Source(s): Centro Euro-Mediterraneo sui Cambiamenti Climatici
A man cooling himself off under a water pipe in Bajgladesh.
SM AKBAR ALI PJ/Shutterstock

Rising energy consumption for cooling increases energy poverty and inequality between and within countries. An interview with Enrica De Cian, research scientist at CMCC and professor at Ca’ Foscari University of Venice, has been published in the French newspaper Le Monde.

A household is considered to be living in energy poverty conditions if its energy expenditure for heating and cooling exceeds 10% of its income or total expenditure. Until now, this term referred to households unable to afford adequate heating in winter, but the use of air conditioning is pushing more people into this situation.

Enrica De Cian, Professor at Ca’ Foscari University of Venice and research scientist at CMCC, explains in an interview for the French newspaper Le Monde how access to air conditioning is an indicator of energy inequalities.

“The impact of air conditioning on bills is considerable, and tends to reinforce the inequalities between those who can afford to use and maintain it, and those who cannot.
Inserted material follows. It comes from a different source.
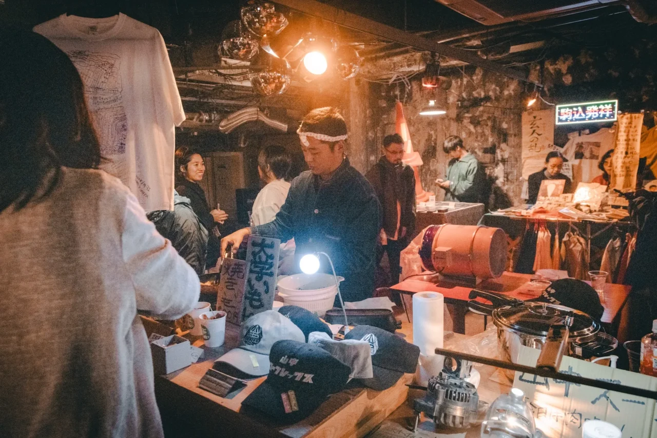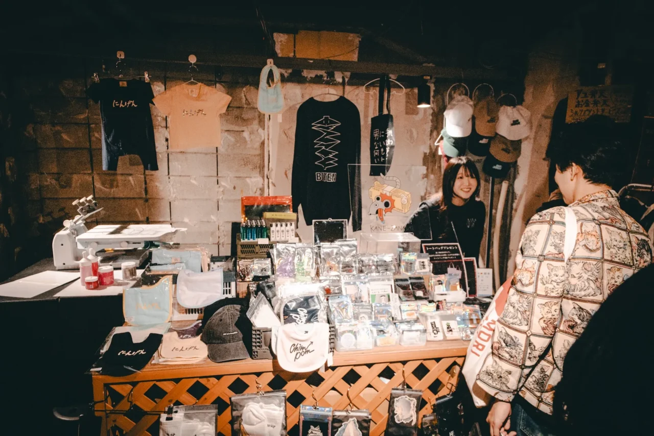 池田:私は前回の『BENTEN』からあった、王城ビル1階の「アー横」を担当しました。アーティストやコミュニティが、展示ではなく出店という形で飲食や物販を行う場所です。今年は来場者が訪れる時間帯によって見える景色と体験が変わるようにしたいと思っていたので、出店者を固定ではなく、6時間ごとに変わる設定にして、常に搬入と搬出を繰り返すような形にしていました。また、今年からは「アー横」内にステージを設けて常にパフォーマンスやライブ、ワークショップを行いました。3日間通して回し続けたおかげで、森美術館でやった『Chim↑Pom展:ハッピースプリング』の道のように、その場所自体が育っていく感覚があったのが面白いなと思っていて。作品やオブジェクトではない形式で場が立ち上がることや、そうした表現形式をキュレーションできることに可能性を感じました。

With my team, we studied eight developed countries with different climates: Australia, Canada, France, Japan, the Netherlands, Spain, Sweden and Switzerland. Our study [published in August 2020 in the journal Economic Modelling] reveals that households with air conditioning spend between 35% and 42% more on electricity each year than those without it. We have calculated that by 2050, 60 million Europeans and 640 million Indians will be exposed to heatwaves and will not have air conditioning, according to a study led by Francesco Colelli, a postdoctoral student at Ca’ Foscari and CMCC [published in Scientific Report in March 2023]. In Brazil, India and Indonesia, between 20% and 30% of households will not be able to meet their cooling needs in 2050 and will therefore find themselves in a situation of heat stress, according to another study we conducted [published in Nature Communication in November 2021].”

According to projections, as De Cian highlights, at least 80% of the world’s richest 10% households will have air conditioning by 2050, compared with between 2% and 23% of the poorest 10%. Moreover, while some regions, such as North America, are over-equipped, only 15% of the 3.5 billion people living in hot climates have air conditioning today.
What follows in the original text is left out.